I was considering purchasing an Aqua Clear 110. The tank came with a Marineland Regent filter system, similar to the Emperor 400 but without bio-wheels. This tank was bought used and this regent filter was what the previous owner used. I figured between these 2 I should get good filtration. Any thoughts? Thanks.


----------



## Toby_H (Apr 15, 2005)

After trying out most major brand HOB's... I'm a solid fan of the Aqua Clear models... but in the last year or so the prices on them have gone up considerably. I must admit, better or not, I'd pay $26 for a Penguin before I'd pay $80 for an Aqua Clear...

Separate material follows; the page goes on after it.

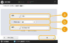 2 | 必要な情報を入力し、<OK>を押す ![]() <名称>接続先のWindowsサーバーまたはアドバンスドボックスの名前を入力します。ここで入力した名称は、アクセスするときに一覧表示されますので、分かりやすいものにしてください。 <プロトコル>接続先のWindowsサーバーまたはアドバンスドボックスがSMBサーバーとして公開されているか、もしくはWebDAVサーバーとして公開されているかに応じて、<SMB>または<WebDAV>を選びます。 <場所>/<ホスト名>プロトコルで<SMB>を選ぶと<場所>が、<WebDAV>を選ぶと<ホスト名>が表示されます。 <場所>は、共有スペースに接続する場合は「\\ホスト名またはIPアドレス\share」、個人スペースに接続する場合は「\\ホスト名またはIPアドレス\users」と入力します。 <ホスト名>は、「http(s)://ホスト名またはIPアドレス」と入力し、<次へ>を押します。続けて<フォルダーのパス>を押し、共有スペースに接続する場合は「/share」、個人スペースに接続する場合は「/users」と入力します。 ![]() 動作不良の原因となる可能性がありますので、公開されている他のimageRUNNER ADVANCEシリーズのアドバンスドボックスやWindowsサーバー以外は登録しないでください。 |

In my experience canisters are great if your willing to pay a good bit extra for silent & hidden filtration. If those two qualities are important to you and you have the extra money, consider a canister. But if your not looking for a sleek show tank and you just want to have a cool looking tank with some cool looking fish... HOBs are the way to go...


----------



## remarkosmoc (Oct 19, 2005)

HOB filters are just as subject to clogging. The water flow will be the same once the filter starts getting clogged, but a percentage of the flow bypasses the filter media and therefore isn't really filtered but you still get the water agitation.

Any type of filter will clog as they should that means they are collecting detritus from the tank. To combat the animal hair or messy fish or any abnormal situation, I recommend using a filter designed for a bigger tank than you have. If your filter is designed for 100 gal tank and you put it in a 55 it won't clog as easily.


----------



## kasey06 (May 24, 2008)

It is a 55 gallon tank and I will probably buy the Aqua Clear 110 which is for up to 110 gallon tank. I currently have a Aqua Clear 20 running on my 12 gallon. I can always put that on the 55 for a little extra filtration or put the older Marineland Regent on aslo. So I have some options and it sounds like i'll have plenty of filtration.


----------



## IrkedCitizen (Apr 26, 2007)

You could buy 2 of the penguin 350's for $10 less than an AC110. But the AC will do you fine.

I suppose I am just a budget shopper. I haven't had any problems with marineland HOB filters though.


----------



## kasey06 (May 24, 2008)

The 12 gallon tank I have was an ecipse system and it came with the biult in bio-filter system similar to the marineland HOB filters. It died eventually and rather than replace it I went out and bought the Aqua Clear filter. It has done a much better job than the marineland system ever did so I think it's worth the extra money especially with a much larger tank(for me anyways). I will probably use the Regent in conjuction which is very similar to the Penguin it just only has the 2 filters rather than bio-wheels as well.


----------